**PROMPT**:
Begin at the line containing "Browning Jonathan Browning" in the entries below and end at the line containing "Chanel Mule Slippers Pearl Tweed Black"; transcribe that range exactly and nothing outside it.

**DATA TO EXAMINE**:
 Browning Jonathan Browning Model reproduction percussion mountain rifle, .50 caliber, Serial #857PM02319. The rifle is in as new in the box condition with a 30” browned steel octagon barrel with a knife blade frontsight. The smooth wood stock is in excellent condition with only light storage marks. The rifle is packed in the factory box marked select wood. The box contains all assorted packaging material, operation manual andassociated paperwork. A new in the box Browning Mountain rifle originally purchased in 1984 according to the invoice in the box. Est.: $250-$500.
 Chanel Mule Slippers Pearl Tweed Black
---
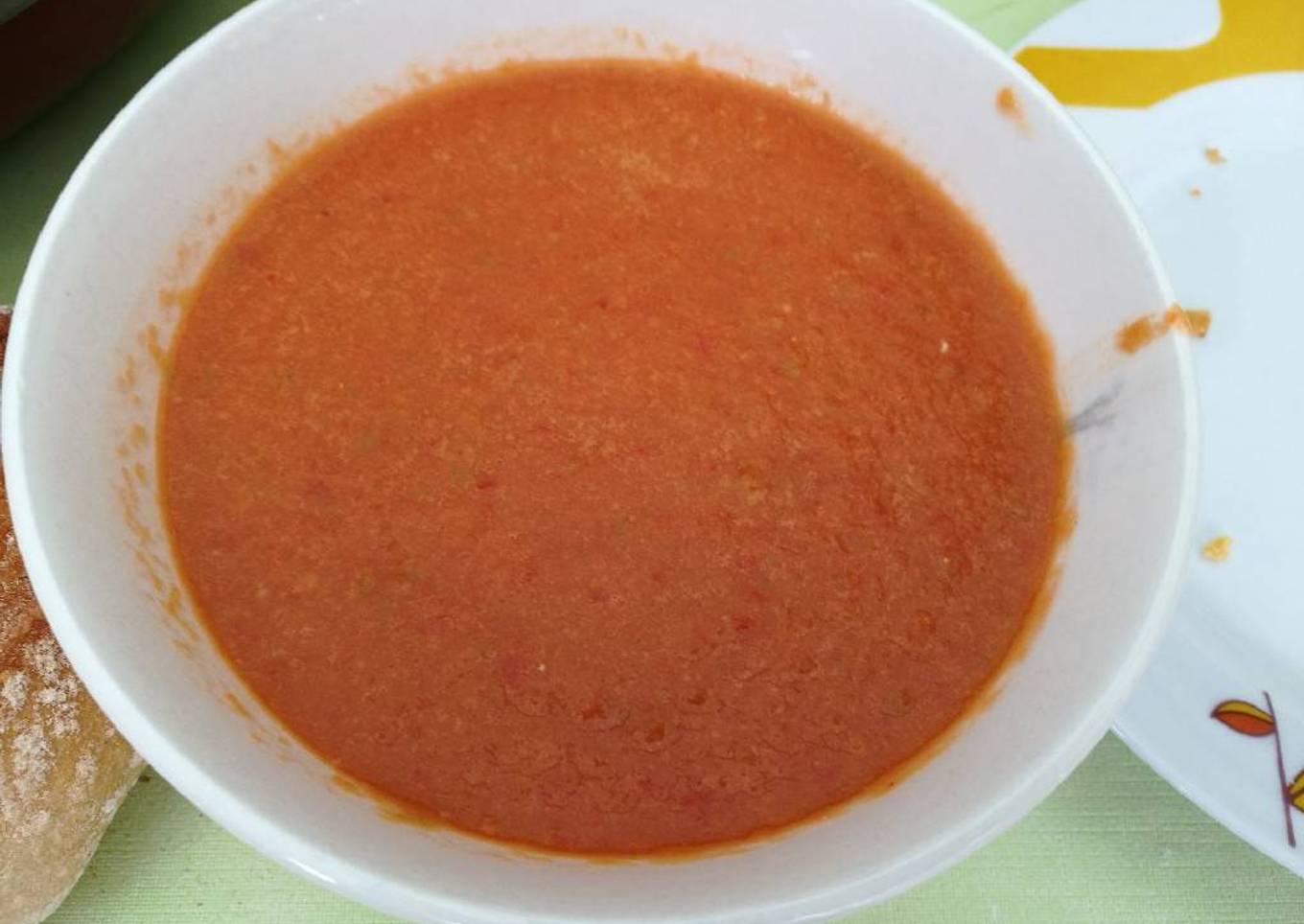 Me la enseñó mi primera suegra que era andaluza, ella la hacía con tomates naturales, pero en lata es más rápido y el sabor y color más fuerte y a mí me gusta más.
==
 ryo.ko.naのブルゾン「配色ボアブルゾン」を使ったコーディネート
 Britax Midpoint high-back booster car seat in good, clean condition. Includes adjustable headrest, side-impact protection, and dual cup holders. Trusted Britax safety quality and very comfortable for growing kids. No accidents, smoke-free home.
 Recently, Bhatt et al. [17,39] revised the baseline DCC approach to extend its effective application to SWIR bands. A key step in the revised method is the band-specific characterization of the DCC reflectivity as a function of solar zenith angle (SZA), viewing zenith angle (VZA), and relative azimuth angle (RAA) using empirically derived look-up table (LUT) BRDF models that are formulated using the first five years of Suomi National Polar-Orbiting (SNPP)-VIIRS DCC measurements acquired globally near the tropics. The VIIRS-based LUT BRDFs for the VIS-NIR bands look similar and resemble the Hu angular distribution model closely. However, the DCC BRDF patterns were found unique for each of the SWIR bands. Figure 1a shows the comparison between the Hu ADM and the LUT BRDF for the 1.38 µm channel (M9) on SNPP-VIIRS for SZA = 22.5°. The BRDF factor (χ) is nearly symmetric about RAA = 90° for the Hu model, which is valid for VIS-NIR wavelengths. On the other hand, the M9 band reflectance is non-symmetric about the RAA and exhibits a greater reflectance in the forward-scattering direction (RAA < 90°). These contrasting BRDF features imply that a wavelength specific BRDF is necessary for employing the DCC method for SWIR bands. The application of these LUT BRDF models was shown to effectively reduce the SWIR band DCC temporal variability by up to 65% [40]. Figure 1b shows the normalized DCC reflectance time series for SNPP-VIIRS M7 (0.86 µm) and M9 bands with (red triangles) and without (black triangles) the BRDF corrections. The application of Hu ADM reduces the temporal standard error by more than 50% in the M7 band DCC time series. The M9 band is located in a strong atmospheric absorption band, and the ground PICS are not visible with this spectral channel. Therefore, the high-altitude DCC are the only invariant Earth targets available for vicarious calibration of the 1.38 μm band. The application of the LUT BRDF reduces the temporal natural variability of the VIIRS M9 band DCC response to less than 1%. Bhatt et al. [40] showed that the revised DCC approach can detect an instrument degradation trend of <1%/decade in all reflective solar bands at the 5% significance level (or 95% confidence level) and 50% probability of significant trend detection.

**SOLUTION TO THE PROBLEM**:
 Browning Jonathan Browning Model reproduction percussion mountain rifle, .50 caliber, Serial #857PM02319. The rifle is in as new in the box condition with a 30” browned steel octagon barrel with a knife blade frontsight. The smooth wood stock is in excellent condition with only light storage marks. The rifle is packed in the factory box marked select wood. The box contains all assorted packaging material, operation manual andassociated paperwork. A new in the box Browning Mountain rifle originally purchased in 1984 according to the invoice in the box. Est.: $250-$500.
 Chanel Mule Slippers Pearl Tweed Black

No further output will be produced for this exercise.